# Data for analysis
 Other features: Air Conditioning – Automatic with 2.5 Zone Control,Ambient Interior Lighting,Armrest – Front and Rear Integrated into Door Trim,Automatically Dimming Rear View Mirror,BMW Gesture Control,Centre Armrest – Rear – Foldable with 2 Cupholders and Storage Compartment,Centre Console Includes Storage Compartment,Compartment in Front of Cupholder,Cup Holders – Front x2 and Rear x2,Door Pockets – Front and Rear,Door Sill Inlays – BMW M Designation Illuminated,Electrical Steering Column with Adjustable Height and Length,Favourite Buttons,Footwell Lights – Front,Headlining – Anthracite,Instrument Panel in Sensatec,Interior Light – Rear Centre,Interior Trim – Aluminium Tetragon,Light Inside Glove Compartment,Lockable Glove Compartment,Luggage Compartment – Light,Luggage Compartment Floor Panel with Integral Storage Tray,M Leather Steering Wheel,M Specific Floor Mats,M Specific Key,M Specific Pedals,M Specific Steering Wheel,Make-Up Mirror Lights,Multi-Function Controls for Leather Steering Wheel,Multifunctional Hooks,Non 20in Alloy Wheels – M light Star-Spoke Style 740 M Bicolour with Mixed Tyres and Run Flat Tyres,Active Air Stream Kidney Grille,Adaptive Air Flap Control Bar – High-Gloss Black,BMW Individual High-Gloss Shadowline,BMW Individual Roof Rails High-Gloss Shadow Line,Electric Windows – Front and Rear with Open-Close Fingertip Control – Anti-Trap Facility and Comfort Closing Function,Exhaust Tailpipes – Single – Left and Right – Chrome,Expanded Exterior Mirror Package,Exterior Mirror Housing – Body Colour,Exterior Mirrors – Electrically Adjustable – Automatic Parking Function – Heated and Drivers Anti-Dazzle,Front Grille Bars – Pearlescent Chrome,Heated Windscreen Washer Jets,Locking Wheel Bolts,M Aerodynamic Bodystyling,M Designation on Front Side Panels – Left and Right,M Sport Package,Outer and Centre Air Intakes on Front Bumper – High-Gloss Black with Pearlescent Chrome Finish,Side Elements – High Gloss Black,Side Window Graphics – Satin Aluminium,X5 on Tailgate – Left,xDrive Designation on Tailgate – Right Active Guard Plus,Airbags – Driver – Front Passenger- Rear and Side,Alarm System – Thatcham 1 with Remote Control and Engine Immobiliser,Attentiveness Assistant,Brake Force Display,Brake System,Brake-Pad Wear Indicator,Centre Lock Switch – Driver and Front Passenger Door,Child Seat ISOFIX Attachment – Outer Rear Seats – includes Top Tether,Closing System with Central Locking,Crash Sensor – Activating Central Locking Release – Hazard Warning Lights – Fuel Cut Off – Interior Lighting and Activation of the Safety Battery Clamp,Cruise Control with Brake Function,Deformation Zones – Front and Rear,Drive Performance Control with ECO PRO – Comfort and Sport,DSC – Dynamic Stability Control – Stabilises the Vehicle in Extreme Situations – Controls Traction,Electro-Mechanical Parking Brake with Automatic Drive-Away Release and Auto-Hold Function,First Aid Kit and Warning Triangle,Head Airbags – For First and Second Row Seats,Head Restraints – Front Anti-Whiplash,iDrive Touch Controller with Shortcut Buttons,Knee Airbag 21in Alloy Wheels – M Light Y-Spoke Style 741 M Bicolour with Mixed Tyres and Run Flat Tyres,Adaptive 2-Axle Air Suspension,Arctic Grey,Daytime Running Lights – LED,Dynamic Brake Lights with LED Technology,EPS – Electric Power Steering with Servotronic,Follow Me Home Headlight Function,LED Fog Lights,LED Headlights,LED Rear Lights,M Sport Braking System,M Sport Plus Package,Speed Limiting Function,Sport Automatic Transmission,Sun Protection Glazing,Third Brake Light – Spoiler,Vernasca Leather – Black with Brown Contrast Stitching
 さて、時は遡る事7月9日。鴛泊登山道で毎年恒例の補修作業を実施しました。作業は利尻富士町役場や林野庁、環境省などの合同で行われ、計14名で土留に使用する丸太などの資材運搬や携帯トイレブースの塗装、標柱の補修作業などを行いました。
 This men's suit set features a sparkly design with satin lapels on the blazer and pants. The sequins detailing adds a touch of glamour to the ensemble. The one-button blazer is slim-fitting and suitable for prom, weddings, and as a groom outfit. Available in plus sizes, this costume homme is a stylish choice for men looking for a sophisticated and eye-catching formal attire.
* * *
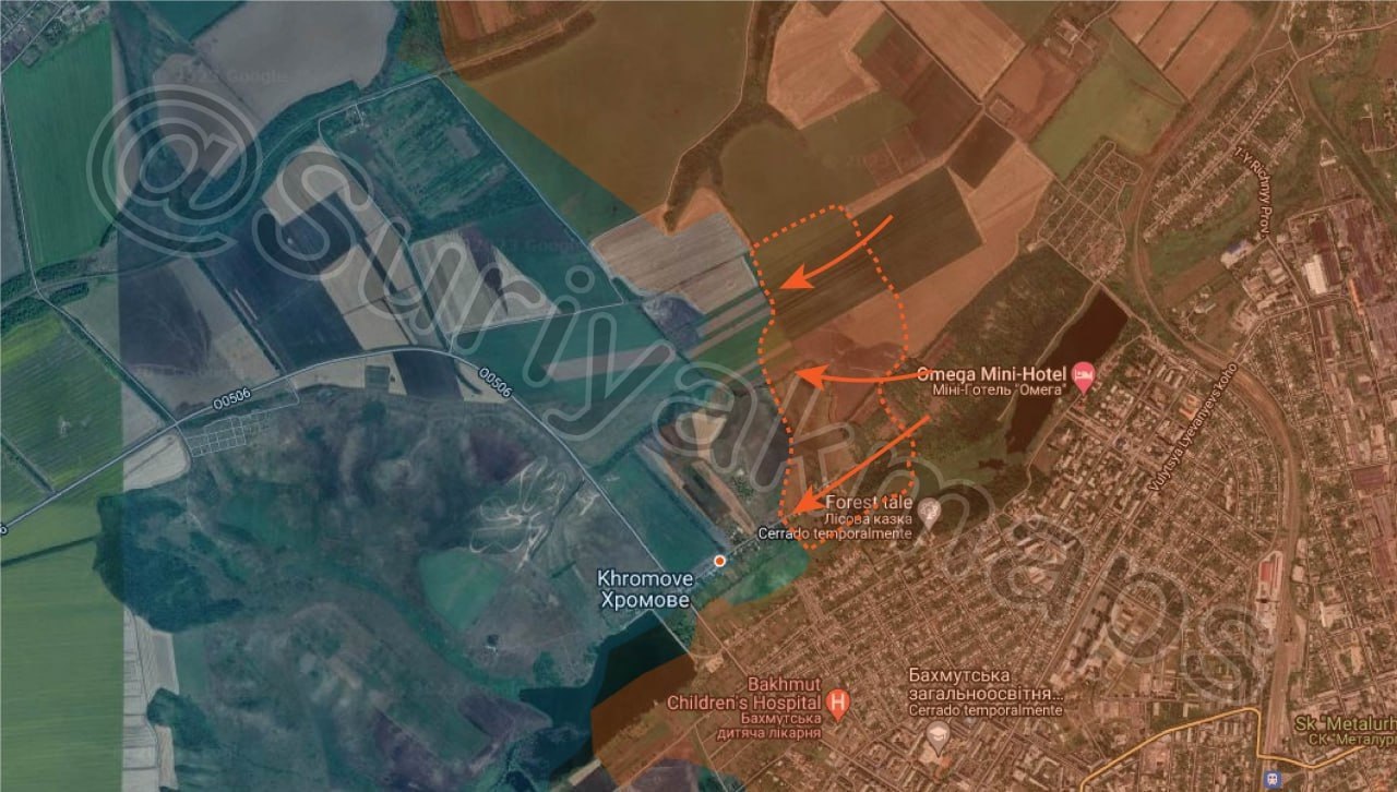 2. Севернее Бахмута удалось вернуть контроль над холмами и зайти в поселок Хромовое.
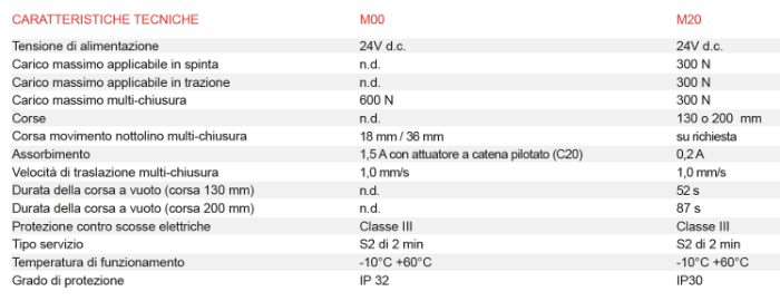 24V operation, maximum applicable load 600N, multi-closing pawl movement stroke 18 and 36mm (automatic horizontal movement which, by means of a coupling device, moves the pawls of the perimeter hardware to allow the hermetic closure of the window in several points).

# Activity
Every line above between the one containing "2. Севернее Бахмута" and the one containing "24V operation, maximum", those two included, is to be printed exactly. No pictures go into the copy.

# Reply
 2. Севернее Бахмута удалось вернуть контроль над холмами и зайти в поселок Хромовое.
 24V operation, maximum applicable load 600N, multi-closing pawl movement stroke 18 and 36mm (automatic horizontal movement which, by means of a coupling device, moves the pawls of the perimeter hardware to allow the hermetic closure of the window in several points).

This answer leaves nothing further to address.